甲硫氨酸-145是细菌视紫红质同源物暗适应过程中的关键残基。

Met-145 is a key residue in the dark adaptation of bacteriorhodopsin homologs.

作者信息

Ihara K, Amemiya T, Miyashita Y, Mukohata Y

机构信息

Department of Biology, School of Science, Nagoya University, Japan.

出版信息

Biophys J. 1994 Sep;67(3):1187-91. doi: 10.1016/S0006-3495(94)80587-9.

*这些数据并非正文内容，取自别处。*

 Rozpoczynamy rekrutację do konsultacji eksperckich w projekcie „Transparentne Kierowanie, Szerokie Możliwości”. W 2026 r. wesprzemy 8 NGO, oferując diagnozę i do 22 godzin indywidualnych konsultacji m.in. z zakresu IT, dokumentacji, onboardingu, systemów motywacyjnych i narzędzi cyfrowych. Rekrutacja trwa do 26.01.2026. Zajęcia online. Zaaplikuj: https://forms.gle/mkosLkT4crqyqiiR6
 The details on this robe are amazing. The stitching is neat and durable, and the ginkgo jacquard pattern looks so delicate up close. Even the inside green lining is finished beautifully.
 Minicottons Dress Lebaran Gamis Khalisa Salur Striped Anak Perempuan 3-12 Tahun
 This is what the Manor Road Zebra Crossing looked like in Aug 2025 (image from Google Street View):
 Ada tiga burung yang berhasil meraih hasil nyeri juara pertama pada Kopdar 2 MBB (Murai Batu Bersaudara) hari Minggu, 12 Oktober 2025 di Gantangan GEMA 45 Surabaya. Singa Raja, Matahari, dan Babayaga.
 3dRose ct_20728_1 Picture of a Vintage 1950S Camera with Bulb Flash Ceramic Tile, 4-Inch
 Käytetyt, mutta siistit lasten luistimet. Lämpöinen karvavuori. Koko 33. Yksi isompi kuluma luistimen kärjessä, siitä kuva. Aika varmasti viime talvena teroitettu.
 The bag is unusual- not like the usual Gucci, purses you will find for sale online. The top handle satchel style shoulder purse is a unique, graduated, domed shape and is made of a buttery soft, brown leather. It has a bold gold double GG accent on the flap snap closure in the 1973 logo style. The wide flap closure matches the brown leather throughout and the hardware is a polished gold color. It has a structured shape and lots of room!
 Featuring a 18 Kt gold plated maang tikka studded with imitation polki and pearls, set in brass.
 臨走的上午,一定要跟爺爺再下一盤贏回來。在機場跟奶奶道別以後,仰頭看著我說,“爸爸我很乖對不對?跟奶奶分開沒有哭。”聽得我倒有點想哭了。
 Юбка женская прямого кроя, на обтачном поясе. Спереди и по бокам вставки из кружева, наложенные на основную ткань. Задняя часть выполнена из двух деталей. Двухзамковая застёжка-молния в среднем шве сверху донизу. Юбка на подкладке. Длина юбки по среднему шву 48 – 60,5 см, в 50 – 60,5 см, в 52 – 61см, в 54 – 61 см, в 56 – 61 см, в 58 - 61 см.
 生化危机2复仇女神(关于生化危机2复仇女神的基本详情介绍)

DOI:10.1016/S0006-3495(94)80587-9

PMID:7811932

原文链接:https://pmc.ncbi.nlm.nih.gov/articles/PMC1225474/

Abstract

Composition of retinal isomers in three proton pumps (bacteriorhodopsin, archaerhodopsin-1, and archaerhodopsin-2) was determined by high performance liquid chromatography in their light-adapted and dark-adapted states. In the light-adapted state, more than 95% of the retinal in all three proton pumps were in the all-trans configuration. In the dark-adapted state, there were only two retinal isomers, all-trans and 13-cis, in the ratio of all-trans: 13-cis = 1:2 for bacteriorhodopsin, 1:1 for archaerhodopsin-1, and 3:1 for archaerhodopsin-2. The difference in the final isomer ratios in the dark-adapted bacteriorhodopsin and archaerhodopsin-2 was ascribed to the methionine-145 in bacteriorhodopsin. This is the only amino acid in the retinal pocket that is substituted by phenylalanine in archaerhodopsin-2. The bacteriorhodopsin point-mutated at this position to phenylalanine dramatically altered the final isomer ratio from 1:2 to 3:1 in the dark-adapted state. This point mutation also caused a 10 nm blue-shift of the adsorption spectrum, which is similar to the shift of archaerhodopsin-2 relative to the spectra of bacteriorhodopsin and archaerhodopsin-1.

摘要

通过高效液相色谱法测定了三种质子泵（细菌视紫红质、古紫质-1和古紫质-2）在光适应和暗适应状态下视网膜异构体的组成。在光适应状态下，所有三种质子泵中超过95%的视网膜处于全反式构型。在暗适应状态下，只有两种视网膜异构体，全反式和13-顺式，细菌视紫红质中全反式与13-顺式的比例为1:2，古紫质-1为1:1，古紫质-2为3:1。暗适应的细菌视紫红质和古紫质-2最终异构体比例的差异归因于细菌视紫红质中的甲硫氨酸-145。这是视网膜口袋中唯一在古紫质-2中被苯丙氨酸取代的氨基酸。在该位置点突变为苯丙氨酸的细菌视紫红质在暗适应状态下显著改变了最终异构体比例，从1:2变为3:1。这种点突变还导致吸收光谱发生10纳米的蓝移，这与古紫质-2相对于细菌视紫红质和古紫质-1光谱的蓝移相似。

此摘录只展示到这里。